• _WHAT TO WORK ON_
Leave the images aside and copy out the whole listing, exact to the word.

• _RAW DATA_
_ _ _ _
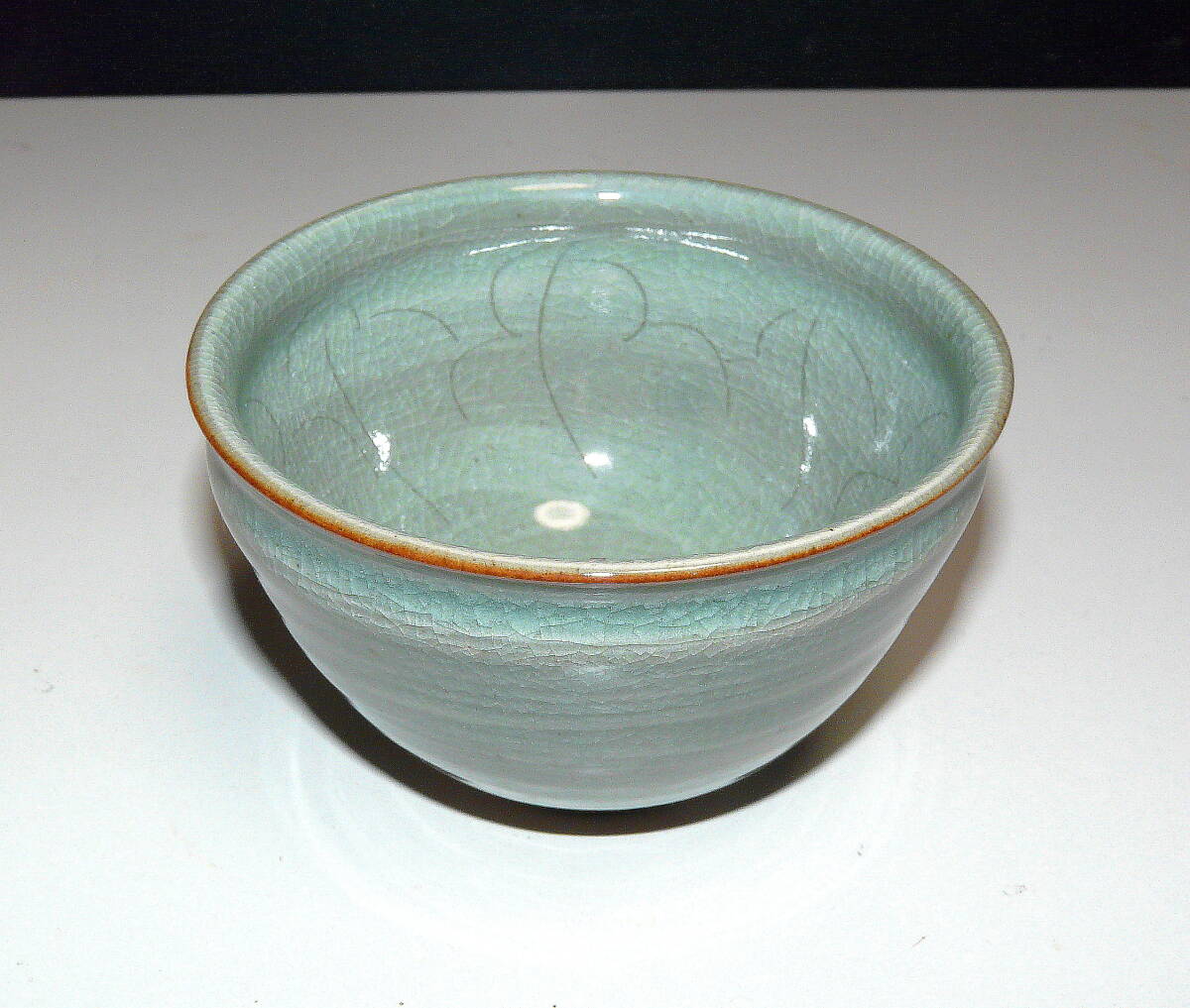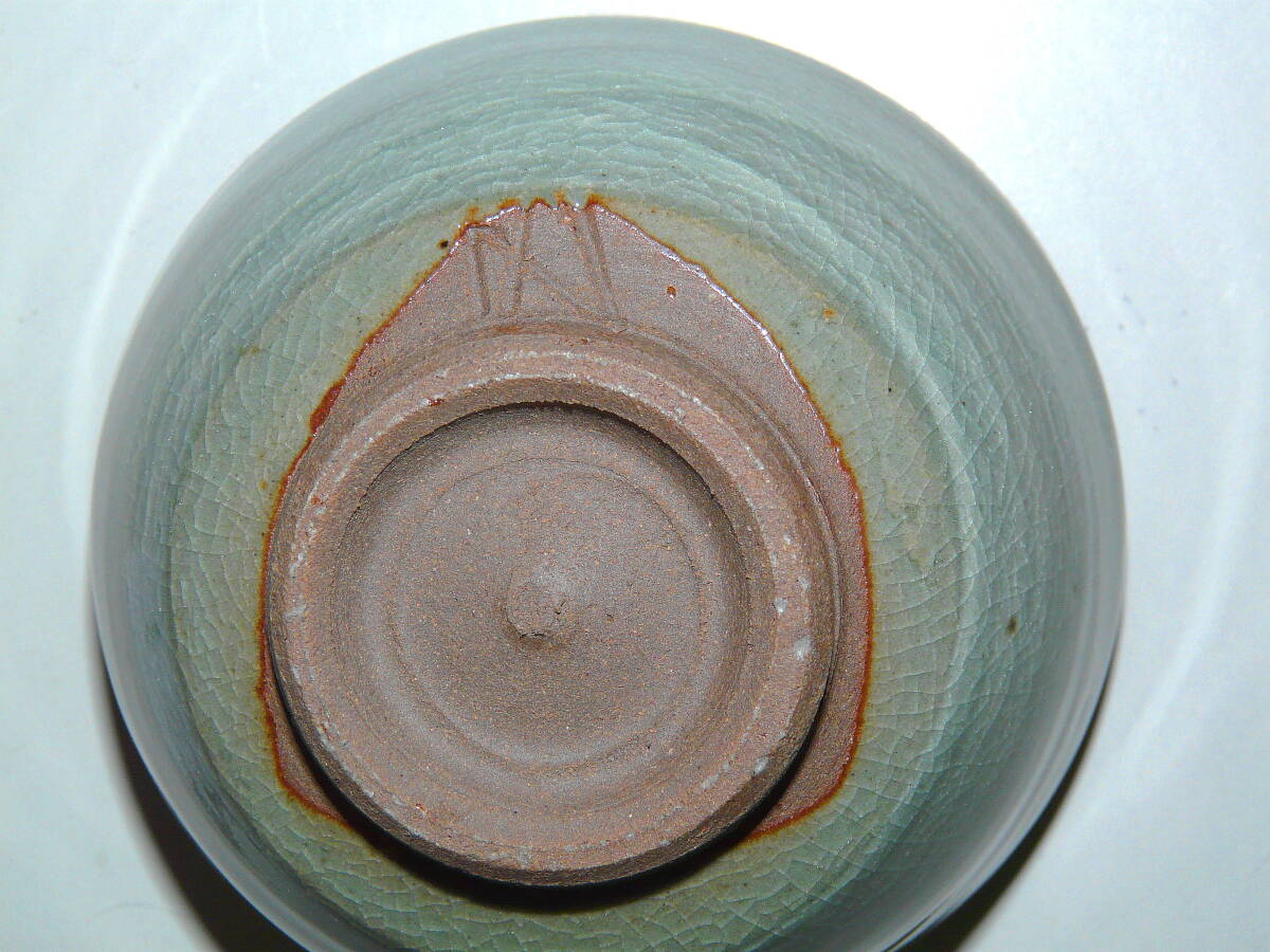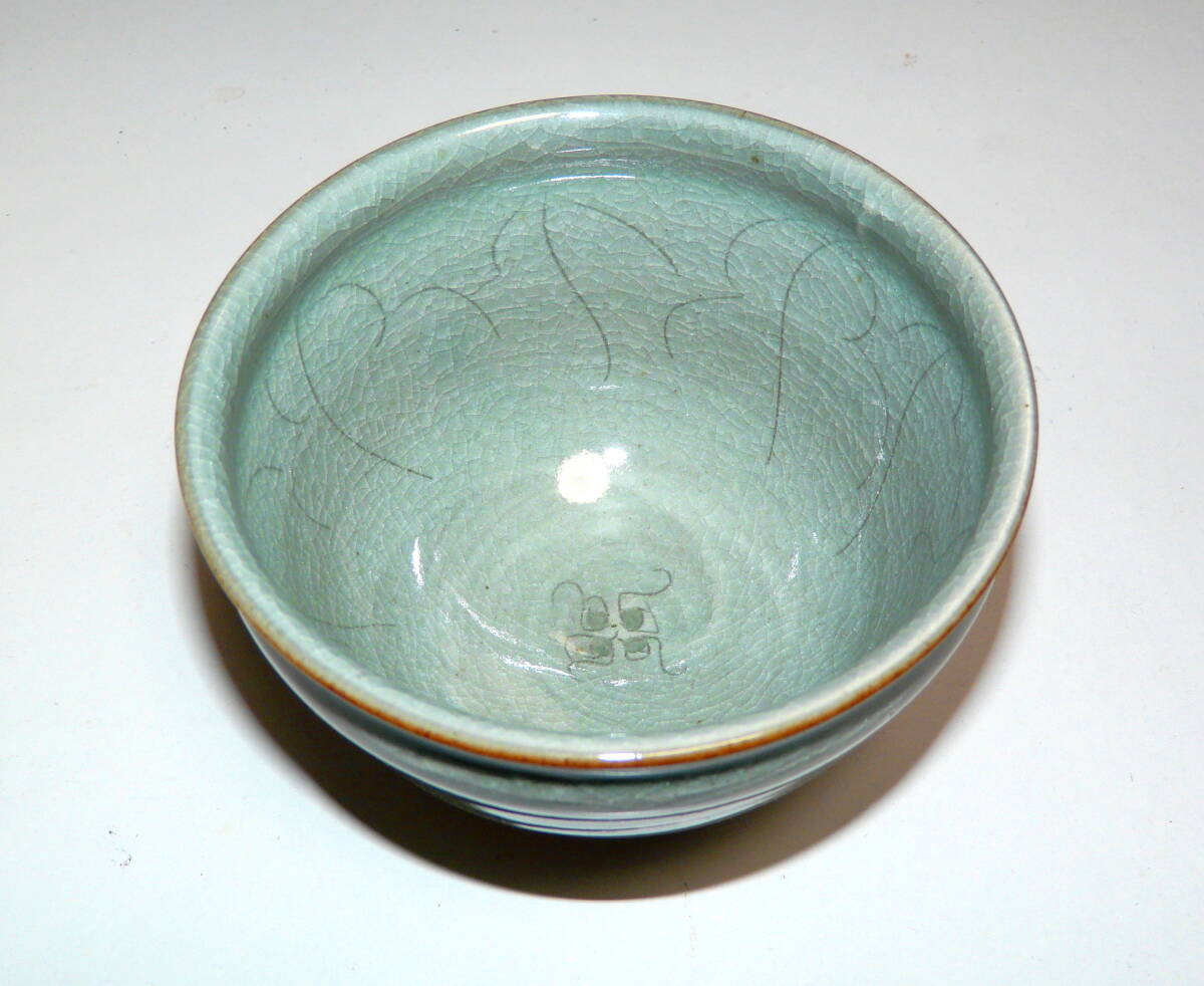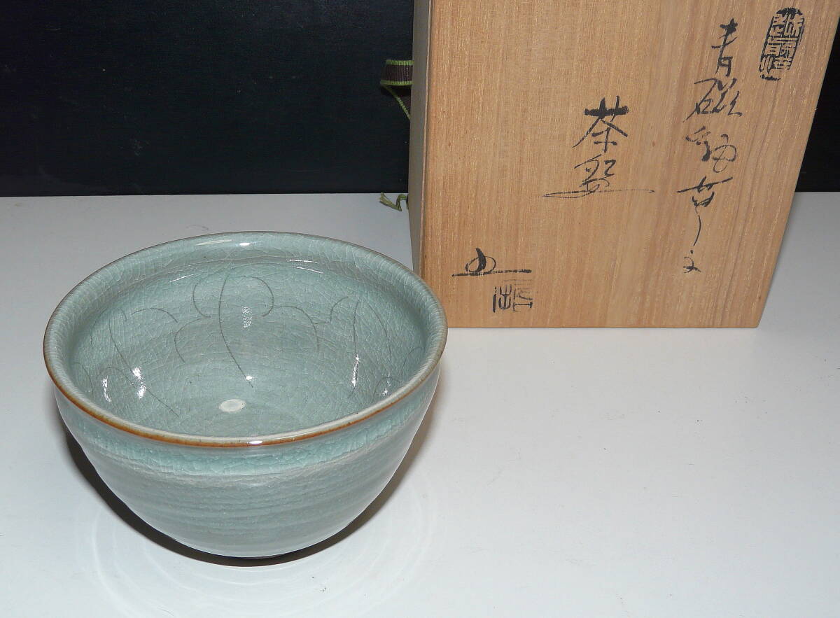 福井県 越前焼 茶器 椿窯 (五島 哲) 『 青磁乳草文 茶碗 』木箱付 1個 (即買いOK)
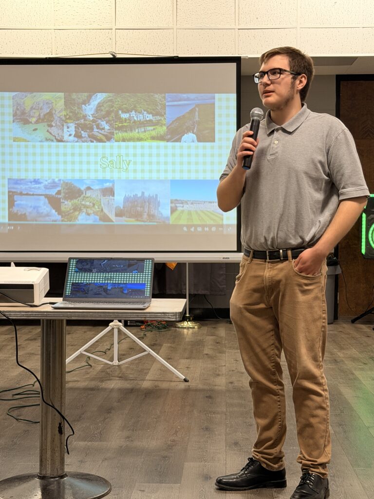 Jacob Schmidt, 2025 IASCW Irish Life Experience scholar presents to the Banquet crowd.
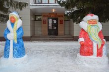 Коллектив школы искусств украсил свою территорию ледяными скульптурами Деда Мороза и Снегурочки.
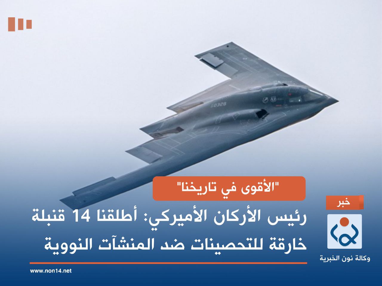 اكد رئيس هيئة الأركان الأمريكية دان كين، اليوم الأحد، ان ضرب المنشآت الإيرانية تم بسرية كاملة، واستخدم فيها 14 قنبلة خارقة للتحصينات.
_ _ _ _
• _WORKED SOLUTION_
 福井県 越前焼 茶器 椿窯 (五島 哲) 『 青磁乳草文 茶碗 』木箱付 1個 (即買いOK)
 Jacob Schmidt, 2025 IASCW Irish Life Experience scholar presents to the Banquet crowd.
 Коллектив школы искусств украсил свою территорию ледяными скульптурами Деда Мороза и Снегурочки.
 اكد رئيس هيئة الأركان الأمريكية دان كين، اليوم الأحد، ان ضرب المنشآت الإيرانية تم بسرية كاملة، واستخدم فيها 14 قنبلة خارقة للتحصينات.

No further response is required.